4 He will not grow faint or be crushed
until he has established justice in the earth;
and the coastlands wait for his teaching.
5 Thus says God, the Lord,
who created the heavens and stretched them out,
who spread out the earth and what comes from it,
who gives breath to the people upon it
and spirit to those who walk in it:
6 I am the Lord, I have called you in righteousness,
I have taken you by the hand and kept you;
I have given you as a covenant to the people,[a]
a light to the nations,
7 to open the eyes that are blind,
to bring out the prisoners from the dungeon,
from the prison those who sit in darkness.
-----------------------------------------
42:9-10; 43:18-19 I am doing something NEW. The old is past.
42:9-10
9 See, the former things have come to pass,
and new things I now declare;
before they spring forth,
I tell you of them.
10 Sing to the Lord a new song,
his praise from the end of the earth!
Let the sea roar[a] and all that fills it,
the coastlands and their inhabitants.
43:18-19
18 Do not remember the former things,
or consider the things of old.
19 I am about to do a new thing;
now it springs forth, do you not perceive it?
I will make a way in the wilderness
and rivers in the desert.
-----------------------------------------
43:1-5 Don’t be afraid, because I am with you. You are under
my protection.
But now thus says the Lord,
he who created you, O Jacob,
he who formed you, O Israel:
Do not fear, for I have redeemed you;
I have called you by name, you are mine.
2 When you pass through the waters, I will be with you;
and through the rivers, they shall not overwhelm you;
when you walk through fire you shall not be burned,
and the flame shall not consume you.
3 For I am the Lord your God,
the Holy One of Israel, your Savior.
I give Egypt as your ransom,
Ethiopia[a] and Seba in exchange for you.
4 Because you are precious in my sight,
and honored, and I love you,
I give people in return for you,
nations in exchange for your life.
5 Do not fear, for I am with you;
I will bring your offspring from the east,
and from the west I will gather you;
-----------------------------------------
44:24-28 I am going to use Cyrus of Persia as my shepherd.
24 Thus says the Lord, your Redeemer,
who formed you in the womb:
I am the Lord, who made all things,
who alone stretched out the heavens,
who by myself spread out the earth;
25 who frustrates the omens of liars,
and makes fools of diviners;
who turns back the wise,
and makes their knowledge foolish;
26 who confirms the word of his servant,
and fulfills the prediction of his messengers;
who says of Jerusalem, “It shall be inhabited,”
and of the cities of Judah, “They shall be rebuilt,
and I will raise up their ruins”;
27 who says to the deep, “Be dry—
I will dry up your rivers”;
28 who says of Cyrus, “He is my shepherd,
and he shall carry out all my purpose”;
and who says of Jerusalem, “It shall be rebuilt,”

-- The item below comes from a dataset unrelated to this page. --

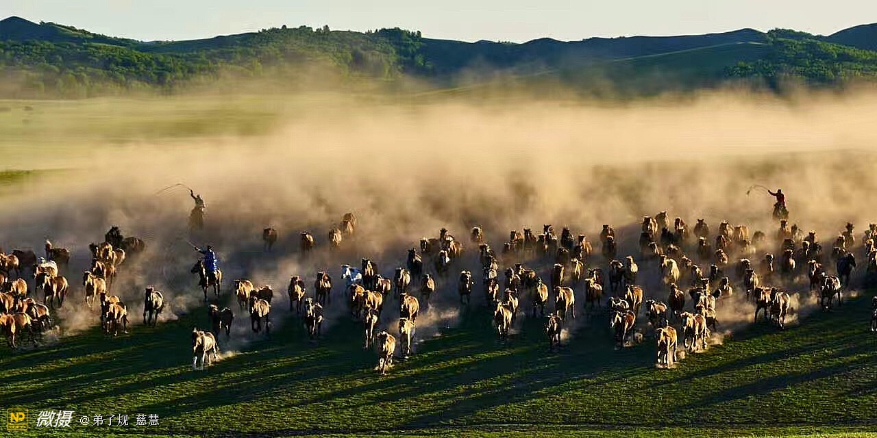 第三日;敖包吐南山拍摄日出、晨雾,上午拍摄彪悍的蒙古族汉子纯正精湛的蒙古族套马。下午:松树井子风光,花轱辘苔俯拍牛羊群饮水,齐齐格湖晚霞、湖面倒影直至日落。第四日:透风沟日出,光影中起伏的山峦,灵动的蓝色河流,南井牛羊群出牧,南井周边风景;线条状的麦田。下午:拍摄逆光下的小型奔马群(马匹数量300-500匹)动势强劲、晚霞下的剪影直至日落。

and of the temple, “Your foundation shall be laid.”
-----------------------------------------
45:1-4; 11-13 Cyrus of Persia is my Anointed One.
45:1-4
Thus says the Lord to his anointed, to Cyrus,
whose right hand I have grasped
to subdue nations before him
and strip kings of their robes,
to open doors before him—
and the gates shall not be closed:
2 I will go before you
and level the mountains,[a]
I will break in pieces the doors of bronze
and cut through the bars of iron,
3 I will give you the treasures of darkness
and riches hidden in secret places,
so that you may know that it is I, the Lord,
the God of Israel, who call you by your name.
4 For the sake of my servant Jacob,
and Israel my chosen,
I call you by your name,
I surname you, though you do not know me.
45:11-13
11 Thus says the Lord,
the Holy One of Israel, and its Maker:
Will you question me[a] about my children,
or command me concerning the work of my hands?
12 I made the earth,
and created humankind upon it;
it was my hands that stretched out the heavens,
and I commanded all their host.
13 I have aroused Cyrus[b] in righteousness,
and I will make all his paths straight;
he shall build my city
and set my exiles free,
not for price or reward,
says the Lord of hosts.
-----------------------------------------
48:6-7 Watch this: starting now, I am starting something new.

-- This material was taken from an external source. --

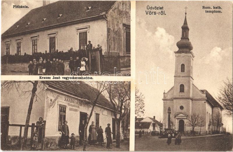 1928 Vörs, Plébánia, Római katolikus templom, Krausz Jenő üzlete. Kálm... https://www.darabanth.com/de/360-Fernauktion/360.0/Ansichtskarten/Ungarn~1000005/1928-Vors-Plebania-Romai-katolikus-templom-Krausz-Jeno-uzlete-Kalman-fenykepesz~II2072975

6 You have heard; now see all this;
and will you not declare it?
From this time forward I make you hear new things,
hidden things that you have not known.
7 They are created now, not long ago;
before today you have never heard of them,
so that you could not say, “I already knew them.”
-----------------------------------------
49:3-6 My servant Israel is to be a light to the nations.

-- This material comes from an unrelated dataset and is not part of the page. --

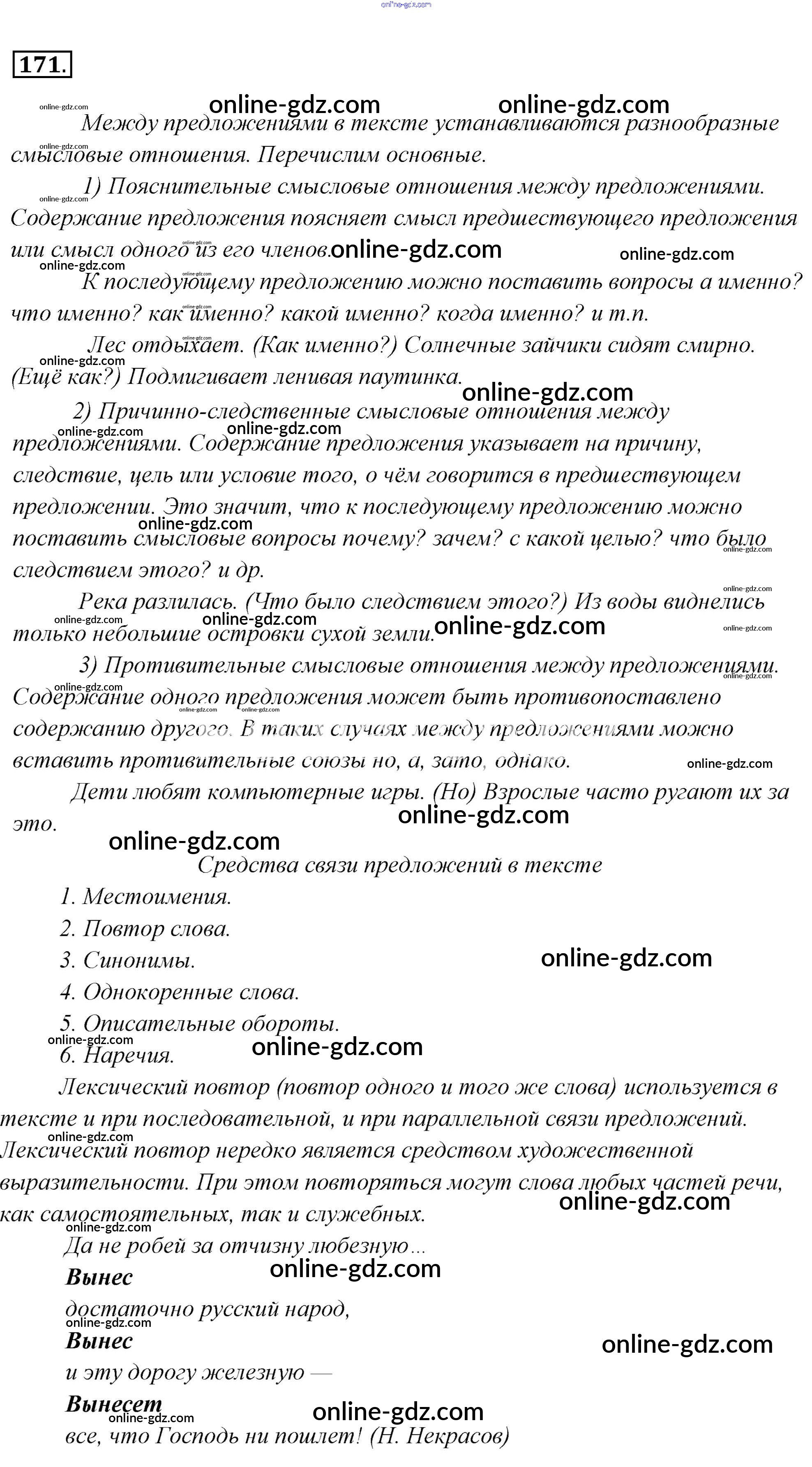 Готовые домашние задания по Русскому языку за 6 класс Учебник Львова, Львов 2013 - Упражнения 171

3 And he said to me, “You are my servant,
Israel, in whom I will be glorified.”
4 But I said, “I have labored in vain,
I have spent my strength for nothing and vanity;
yet surely my cause is with the Lord,
and my reward with my God.”
5 And now the Lord says,
who formed me in the womb to be his servant,
to bring Jacob back to him,
and that Israel might be gathered to him,
for I am honored in the sight of the Lord,
and my God has become my strength—
6 he says,
“It is too light a thing that you should be my servant
to raise up the tribes of Jacob
and to restore the survivors of Israel;
I will give you as a light to the nations,
that my salvation may reach to the end of the earth.”
----------------------------------------
55:1-13 I will make a covenant, so seek the Lord NOW, while
He is available. God is irrationally merciful and forgiving (by
human standards). His plans get accomplished. [There’s one
for Robby Burns.]
Ho, everyone who thirsts,
come to the waters;
and you that have no money,
come, buy and eat!
Come, buy wine and milk
without money and without price.
2 Why do you spend your money for that which is not bread,
and your labor for that which does not satisfy?
Listen carefully to me, and eat what is good,
and delight yourselves in rich food.
3 Incline your ear, and come to me;
listen, so that you may live.
I will make with you an everlasting covenant,
my steadfast, sure love for David.
4 See, I made him a witness to the peoples,
a leader and commander for the peoples.
5 See, you shall call nations that you do not know,
and nations that do not know you shall run to you,
because of the Lord your God, the Holy One of Israel,
for he has glorified you.
6 Seek the Lord while he may be found,
call upon him while he is near;
7 let the wicked forsake their way,
and the unrighteous their thoughts;
let them return to the Lord, that he may have mercy on them,
and to our God, for he will abundantly pardon.
8 For my thoughts are not your thoughts,
nor are your ways my ways, says the Lord.
9 For as the heavens are higher than the earth,
so are my ways higher than your ways
and my thoughts than your thoughts.
10 For as the rain and the snow come down from heaven,
and do not return there until they have watered the earth,
making it bring forth and sprout,
giving seed to the sower and bread to the eater,
11 so shall my word be that goes out from my mouth;
it shall not return to me empty,
but it shall accomplish that which I purpose,
and succeed in the thing for which I sent it.
Psalm 23. A Psalm of David.
Scene I: My Good Leader
1 The Lord is my shepherd, I shall not want.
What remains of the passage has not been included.